Graduates of the MSIM program appear as coauthors with Assistant Professor Kevin Desouza on four recently published and forthcoming papers.
Nina Yuttapongsontorn (MSIM 2007), along with collaborators Dr. Desouza and Prof. Ashley Braganza (formerly of Cranfield School of Management and now with Brunel Business School in the UK), co-wrote a case study entitled "Complexities of Large-Scale Technology Project Failure: A Forensic Analysis of the Seattle Popular Monorail Authority." Published in the March 2008 issue of Public Performance and Management Review, the paper critically analyzes the Seattle Monorail Project "through the lens of stakeholder theory." The authors develop several propositions concerning stakeholders that pertain to large-scale technology projects. They propose that organizations in charge of such projects are more likely to implement them successfully if they understand, monitor and work to influence stakeholder dynamics.

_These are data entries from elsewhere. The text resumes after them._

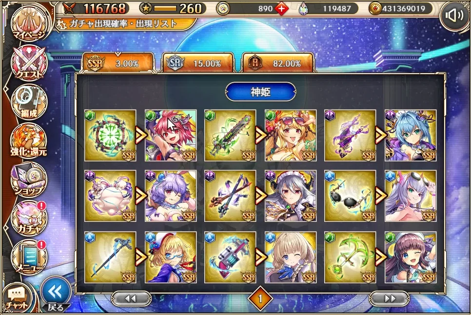 水シャマシュが未解放なのですが、これをピンポイントで狙える気がしないので、こちらのガチャはパス!
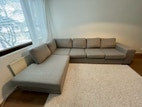 Divaani oikealla. Divaaniosaa ei voi siirtää toiselle puolelle. Kaikki päälliset ovat pestäviä. Sohvan saa kahteen osaan.
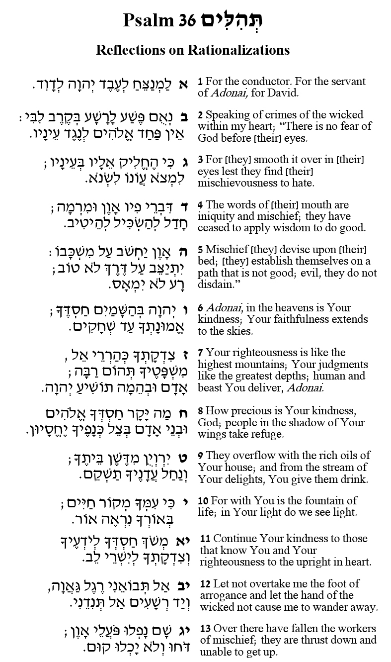 Verses 2 and 3 are subject to many varying translations. The opening word נאם (ne’um) appears well over two hundred times in Hebrew Scripture, but only this one time in Psalms. The word is identified with God’s speech or the channeling of God, as with Bilaam. Some translators view this word as an expression of an oracle or as Transgression speaking about the nature of the heart of the sinner. I have chosen to follow those translators to just translate the word as “speaking,” as the Psalmist reflects in his heart on the nature of those who have “no fear of God before their eyes.” The Psalmist identifies the power of rationalization of bad behavior as the source of blindness to God’s goodness and presence in the world. The Psalter in verse 12 asks God for help in those evildoers not overtaking him, and thereby leading to a seduction of bad behavior. Rabbi Benjamin Segal surmises that the Psalmist might know the way of the sinner from the inside, therefore as a recovery Psalm seeking not to relapse. I tend to see the Psalm as emerging from dealing with selfish people who rationalize bad behavior and the awareness that there is a small piece of that temptation in each of us and asking God to be our source of light so as to stay on the path of goodness. This Psalm is distinctive in its recognition of self-deception as a form of enticing darkness.

The Winter 2007 issue of Business Strategy Review, published by the London Business School, carries an article by Bryce Smart (MSIM 2008) and Dr. Desouza: "Overcoming Technology Resistance." Information technology managers in small- to medium-sized enterprises (SMEs), say Smart and Desouza, should apply specific techniques to get employees to embrace innovation. Their "ten lessons" for the SME manager encompass defining success at both the strategic and the operational levels, understanding how to motivate employees, and using reinforcement appropriate to the employee's behavior.

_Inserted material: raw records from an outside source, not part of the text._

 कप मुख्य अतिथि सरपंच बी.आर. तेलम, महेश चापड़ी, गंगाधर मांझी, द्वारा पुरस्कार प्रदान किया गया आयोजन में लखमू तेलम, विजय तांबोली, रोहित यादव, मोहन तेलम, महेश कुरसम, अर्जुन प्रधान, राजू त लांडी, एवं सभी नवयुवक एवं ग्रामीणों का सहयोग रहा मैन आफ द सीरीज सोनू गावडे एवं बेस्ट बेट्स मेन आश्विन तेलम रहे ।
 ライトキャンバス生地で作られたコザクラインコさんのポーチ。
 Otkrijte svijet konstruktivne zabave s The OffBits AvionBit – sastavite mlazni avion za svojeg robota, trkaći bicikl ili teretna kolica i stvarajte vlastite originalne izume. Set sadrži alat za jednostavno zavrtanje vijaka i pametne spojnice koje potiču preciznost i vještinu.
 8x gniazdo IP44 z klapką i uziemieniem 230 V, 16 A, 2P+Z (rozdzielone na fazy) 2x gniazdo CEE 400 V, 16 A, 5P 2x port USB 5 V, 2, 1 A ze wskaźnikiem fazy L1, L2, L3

Two other articles by Dr. Desouza and recent iSchool graduates will appear in upcoming issues of Business Information Review. Peter Ellis (MSIM 2009) coauthored "On Information Management, Environmental Sustainability and Cradle to Cradle Mentalities," which aims at integrating environmental sustainability and information management so that they reinforce each other, an approach Desouza calls "Green IT" in his blog. Jongmin Moon (MSIM 2009) shares authorship with Desouza on another forthcoming article in the same journal, "Customer-Managed Knowledge Factories." Moon and Desouza note that customers are now managing knowledge from external sources in a way that benefits organizations. The best organizations, the authors argue, will find ways to promote such customer-driven "knowledge factories" rather than trying to impose control from the top down.

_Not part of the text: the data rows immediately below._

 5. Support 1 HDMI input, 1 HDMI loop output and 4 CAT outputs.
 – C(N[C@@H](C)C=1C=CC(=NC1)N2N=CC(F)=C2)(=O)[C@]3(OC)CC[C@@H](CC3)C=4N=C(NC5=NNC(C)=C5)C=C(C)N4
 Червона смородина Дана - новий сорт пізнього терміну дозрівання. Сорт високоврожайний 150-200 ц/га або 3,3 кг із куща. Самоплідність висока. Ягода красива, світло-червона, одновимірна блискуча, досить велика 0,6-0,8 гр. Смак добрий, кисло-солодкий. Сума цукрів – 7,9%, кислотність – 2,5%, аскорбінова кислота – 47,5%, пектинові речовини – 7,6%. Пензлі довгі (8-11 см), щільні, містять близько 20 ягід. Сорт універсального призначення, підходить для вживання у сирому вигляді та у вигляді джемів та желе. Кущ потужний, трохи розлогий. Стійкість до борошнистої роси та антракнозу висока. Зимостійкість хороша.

Full citations for the articles:
Yuttapongsontorn, N., Desouza, K.C., and Braganza, A. "Complexities of Large-Scale Technology Project Failure: A Forensic Analysis of the Seattle Popular Monorail Authority," Public Performance & Management Review, 31 (3), 2008, 443-478.
Smart, B.A., and Desouza, K.C. "Overcoming Technology Resistance," Business Strategy Review, 18(4), 2007, 25-28.
Moon, J., and Desouza, K.C. "Customer-Managed Knowledge Factories," Business Information Review, Forthcoming.
Ellis, P.C., and Desouza, K.C. "On Information Management, Environmental Sustainability and Cradle to Cradle Mentalities," Business Information Review, Forthcoming.